A Southern Ocean-wide examination of Multi-year Trends in Sea Ice, Chlorophyll Concentration, and Marine Aerosol Optical Depth

We examined the seasonal variation and causal influences on monthly averages of marine tropospheric aerosols arising from physical and biological interactions across the Southern Ocean (SO). This work is based on a newly developed method for quantifying tropospheric marine aerosol with the NASA Cloud-Aerosol Lidar and Infrared Pathfinder Satellite Observation (CALIPSO), which we term marine aerosol optical depth (MAOD). MAOD may be retrieved in nighttime conditions of high-latitude winter and is devoid of cloud contamination, thereby advancing upon prior aerosol optical depth (AOD) measurements linked with biogenic aerosols. Seasonal increases in MAOD were observed alongside seasonal increases in chl-a and sea ice melt across various spatial scales from 2007 to 2020. In order to examine what variables affected change in the tropospheric marine aerosol signal, we utilized empirical dynamic modeling and convergent cross mapping and observed that different factors were important in different regions.
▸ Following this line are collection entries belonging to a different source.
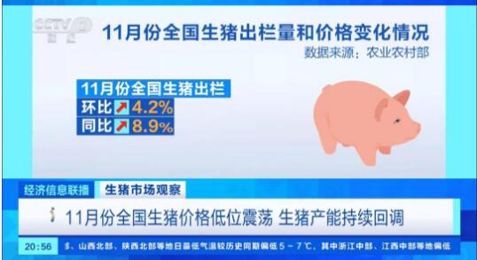 據(jù)農(nóng)業(yè)農(nóng)村部監(jiān)測(cè),11月份至12月中旬,全國豬肉消費(fèi)增長(zhǎng)較為緩慢,受入冬前期天氣偏暖影響,南方腌臘灌腸的數(shù)量比較常年明顯下降,滯后于同期的豬肉供應(yīng)量的增長(zhǎng),生豬價(jià)格低位震蕩運(yùn)行。11月份,全國生豬出欄環(huán)比增長(zhǎng)4.2%、同比增長(zhǎng)8.9%;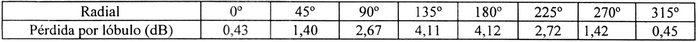 - Diagrama de radiación horizontal, de acuerdo a la siguiente tabla: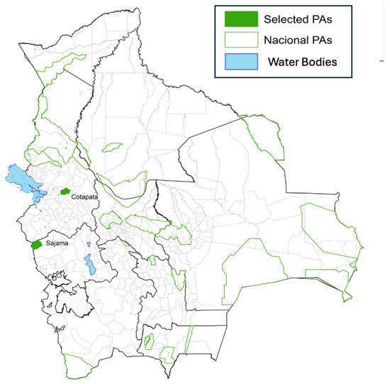 In this study, we surveyed tourists in two PAs, Sajama National Park and Cotapata National Park (Figure 1). The selection of these two PAs was strategically motivated by SERNAP’s focus on areas where fee adjustments could have significant impacts. Additionally, these two areas are interesting from a research perspective due to their distinct characteristics, contrasting management approaches, and growing importance as tourist destinations. Sajama National Park requires adjustment of its existing entrance fee to better align with its increasing influx of international tourists, particularly climbers. On the other hand, Cotapata National Park has consistently attracted high visitation rates from both national and international tourists. Therefore, it is an ideal candidate for implementing an entrance fee scheme for the first time, representing a significant opportunity for income generation given its long-standing appeal as a destination.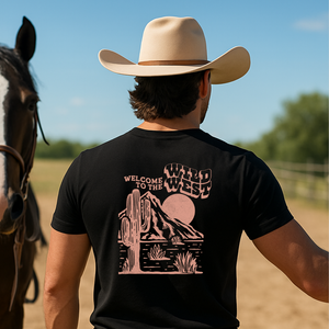 Camiseta casual de corte holgado con cuello redondo, manga corta, 100% Algodón, con diseño vaquero wild west cowboy. Perfecta para el estilo diario.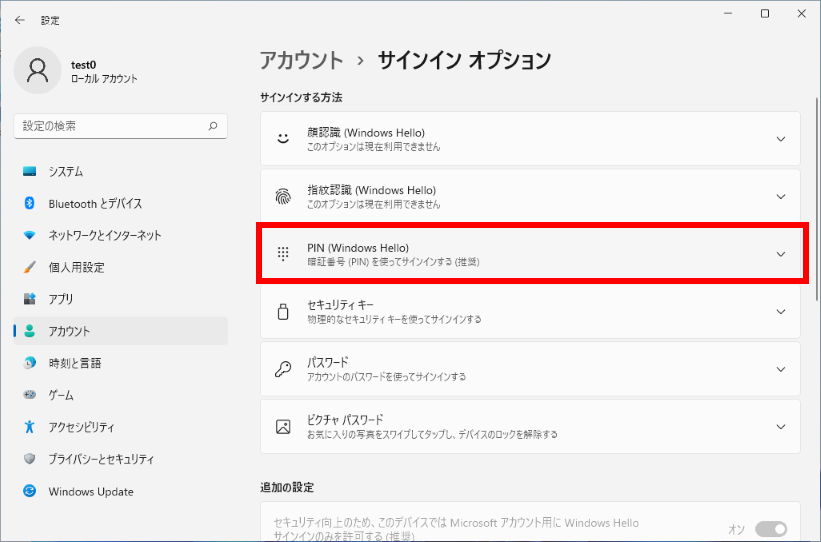 パスワードの代わりに暗証番号 ( PIN ) を設定する方法 > Windows 11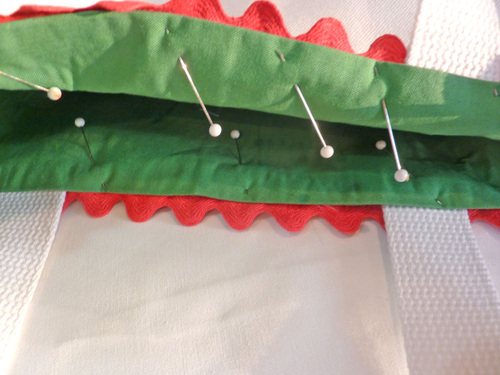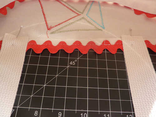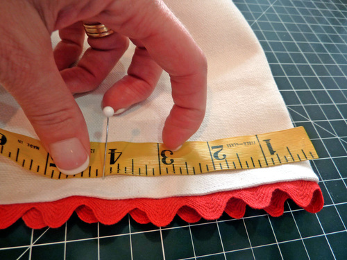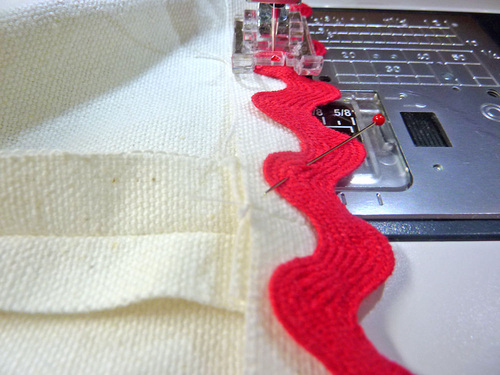 - Find the length of rick rack. Starting at one side seam, pin the rick to the inside of the folded edge. The center of the rick rack should run along the top folded edge so half of the rick rack’s “wave” is visible above the top edge of the tote. Pin in place and then machine baste in place.

For example, changes in chl-a and ice causally forced changes in MAOD for the Bellingshausen Sea region of the western Antarctic Peninsula, with changes in chl-a still significantly affecting changes in MAOD once the seasonality in all variables is accounted for. These results indicate a biogenic component to tropospheric marine aerosol presence across the SO. We will put the results from the Bellingshausen Sea in the context of patterns in MAOD, chl-a, and sea ice across multiple seas of the SO, and examine whether the MAOD signal is causally linked to pulses in wind speed and therefore sea spray. Our work extends upon our previous findings of MAOD trends in the Bellingshausen Sea and will more fully characterize MAOD across the SO.